Гюйс ад-дин Тохта, при всей его мудрости, ничего нового не выдумывал, он лишь продолжал то, что делали и до него в отношении Руси предшествующие ему ханы. Все в этом мире не ново. Да и что может быть ново в мире, где от века правят зависть и злоба?
Но те же персы, те же латиняне, несмотря на разительные отличия, в злобе и зависти равны: и завистливы чаще к другим, чем к единоплеменникам, и злобливы чаще не друг к другу, а к разноверцам. Русские же просто на диво противоположны в том прочим. Так, иноземцам они не завидуют и, даже видя их выгоды и преимущества жизни, только вздыхают усмешливо, будто на самом-то деле знают свое превосходство: что ж, мол, так уж у них, знать, заведено по-хорошему. К иноземцам, да к тем же татарам, они и незлобивы без повода, а чтобы их раззадорить, много горя нужно им принести. Но зато уж промеж собой ни в злобе, ни в зависти меры знать они не хотят. И коли уж меж собой раздернутся, в бойне до такого беспощадного остервенения доходят, какого, пожалуй, ни к татарам, ни к немцам не питают. Вот что в них любопытно и примечательно.
«Однако тем проще и вернее править над ними, — размышлял иногда правосудный, равно расположенный ко всем добрым людям Гюйс ад-дин Тохта. — Надо лишь вовремя дать им повод для зависти, а уж злоба в них сама разгорится».

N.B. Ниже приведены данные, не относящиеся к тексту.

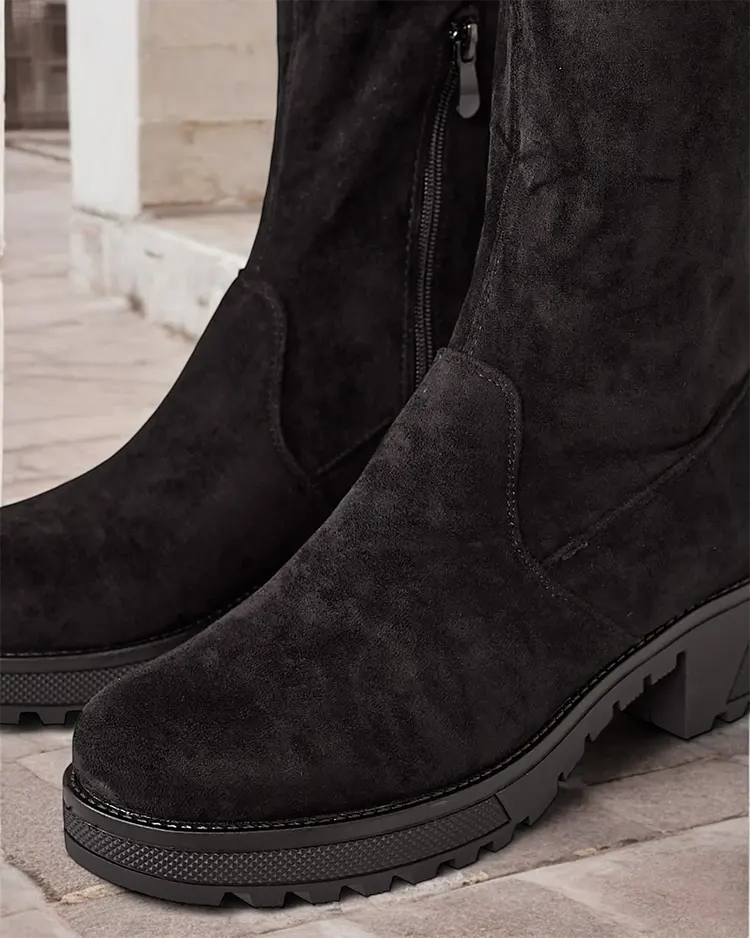 - Lange Damenstiefel mit dickerer Sohle, Schaft aus Öko-Wildleder. Die Stiefel haben einen Reißverschluss auf Knöchelhöhe. Perfekte Basis für viele Herbstoutfits!
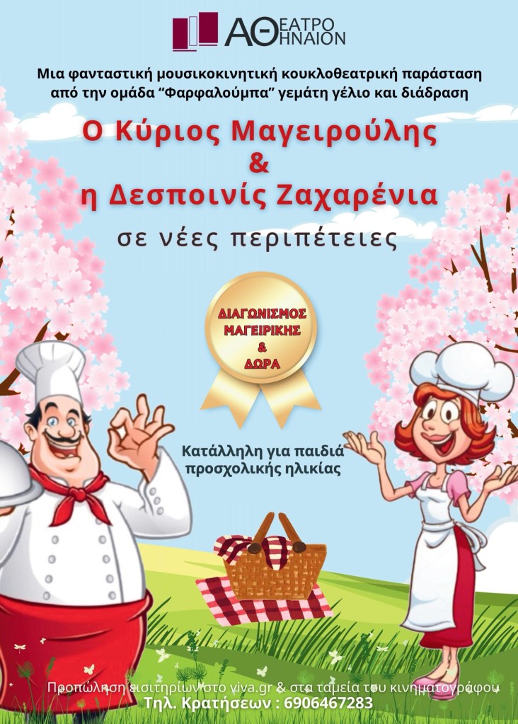 Ελάτε μαζί μας να διασκεδάσουμε, να χορέψουμε, να κάνουμε διαγωνισμό μαγειρικής, να κερδίσουμε δωράκια και να γίνουμε μια όμορφη παρέα με τον κύριο Μαγειρούλη και τη Δεσποινίδα Ζαχαρένια !

Юрий в своем превосходстве над Михаилом уверился еще на Москве от братниных слов. В Сарае же ему такого в уши напели, что теперь он вовсе не сомневался в том, что владимирский стол по праву принадлежит ему. Ордынские вельможи не только улыбчиво и благосклонно принимали его подарки, что само по себе считалось добрым знаком, но и открыто обещали ему непременное содействие в достижении заветного ярлыка. Советовали лишь не скупиться на обещания да не торговаться о выходе, а там уж правосудный Тохта решит дело в его пользу. При этом они не сильно лукавили и почти были искренни, так как всем было ведомо, что на стороне московского князя, в защитниках его перед ханом, стоит молодой, во увертливый и хитрый Кутлук-Тимур, новый беклерибек.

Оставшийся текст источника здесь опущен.